Because it's cheaper, not economically impossible to do it in the ocean today, that doesn't mean to say that all costs are fairly articulated. In other words, you've got to pay for oxygenated water, and you've got to pay to deal with the waste that the farm would produce on land. So your operating costs would be higher than they would be in ocean. That doesn't mean to say that you're economically infeasible to do it.

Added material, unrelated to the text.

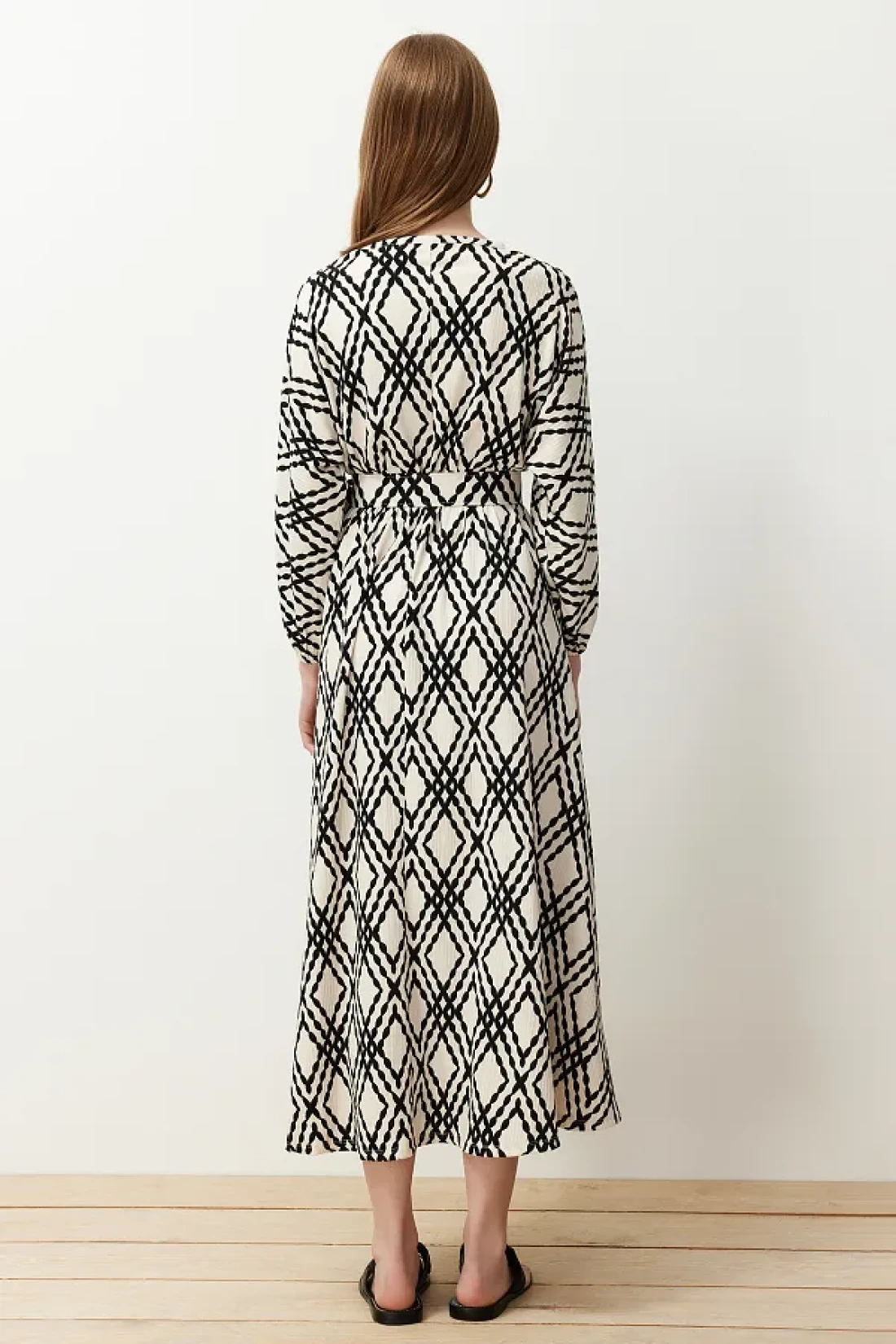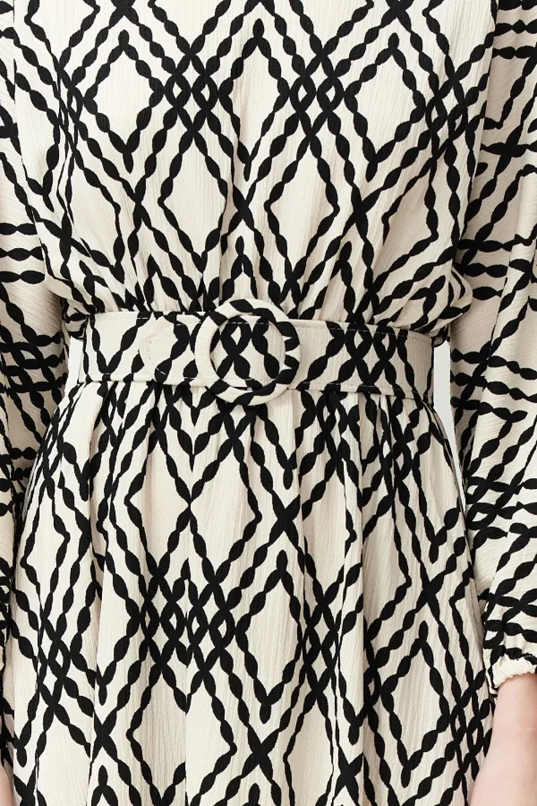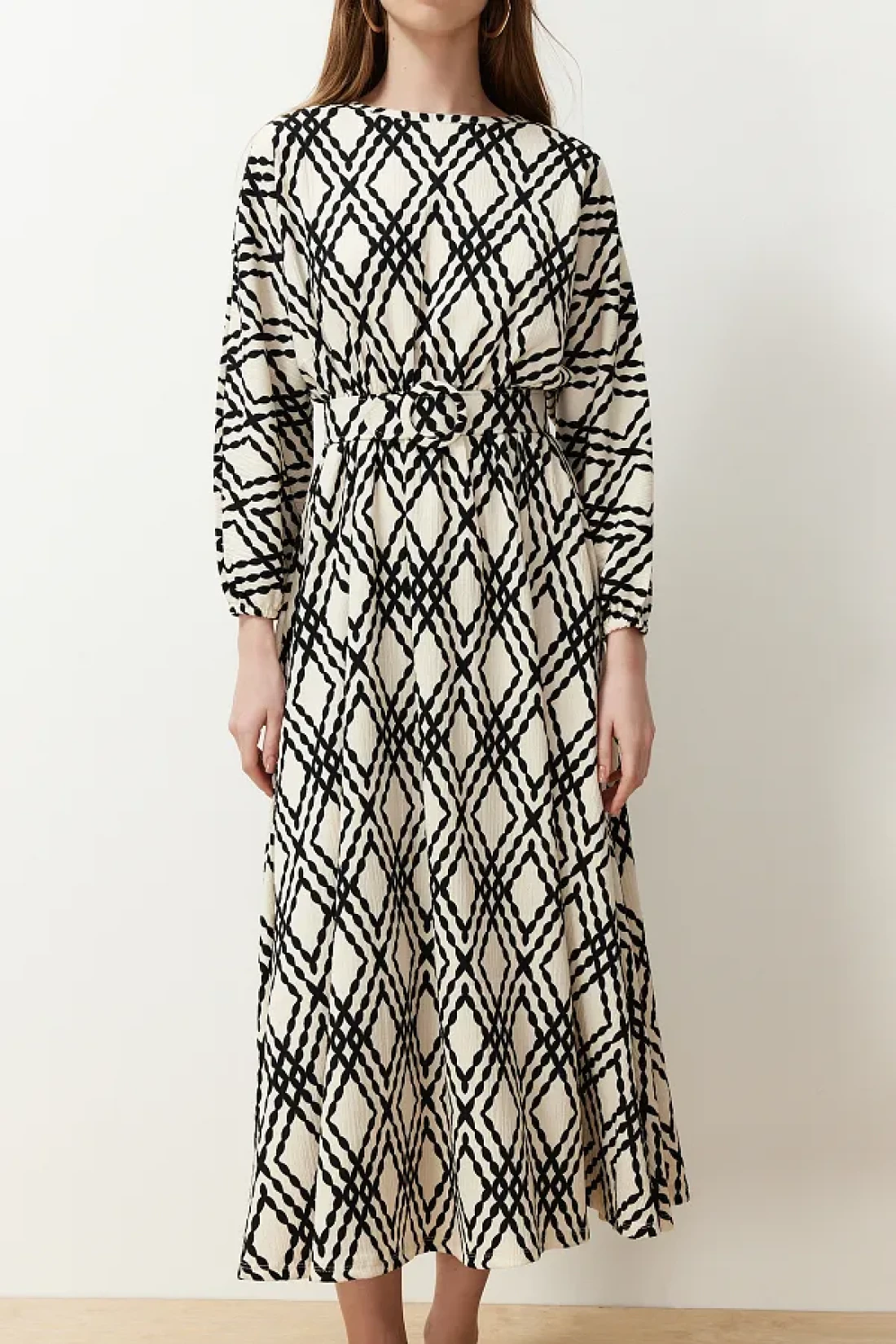 Modest Black Patterned Belt Detailed Crinkle Woven Dress TCTSS24EB00233

We can get into the economics. Let me share some of them with you. To build a 1,000-tonne farm would cost you about $12 million, and it would take you about $6 million a year to run that farm. The revenue from it from fish alone would be about $11 million. If you utilize the waste stream--and this is incredibly important for everybody to understand--when you take fish from the open ocean, you're capturing nutrients from the open oceans, and you're exploiting them to build and grow fish. But a huge amount of that waste, the ammonia gets turned into nitrates, and the solid waste is actually feedstock. If you use that and capture that with associated aquaponics, you can put another $4 million on the bottom line of your numbers every year by growing lettuce, tomatoes, peppers. Two hundred kilograms of living fish will support 3,000 head of lettuce every six weeks. Today that economic benefit is being just dumped in the ocean.
So to net it out, you can be in the business, if you only do fish, of making $5 million a year profit on an investment of $12 million. If you do hydroponics and capture that waste, you can push that to $9 million. If you charge a premium for your chemical and therapeutant-free fish that you're capable of delivering now, you can get up to almost $19 million a year in revenue, which will leave you with $13 million a year after costs, pre-tax.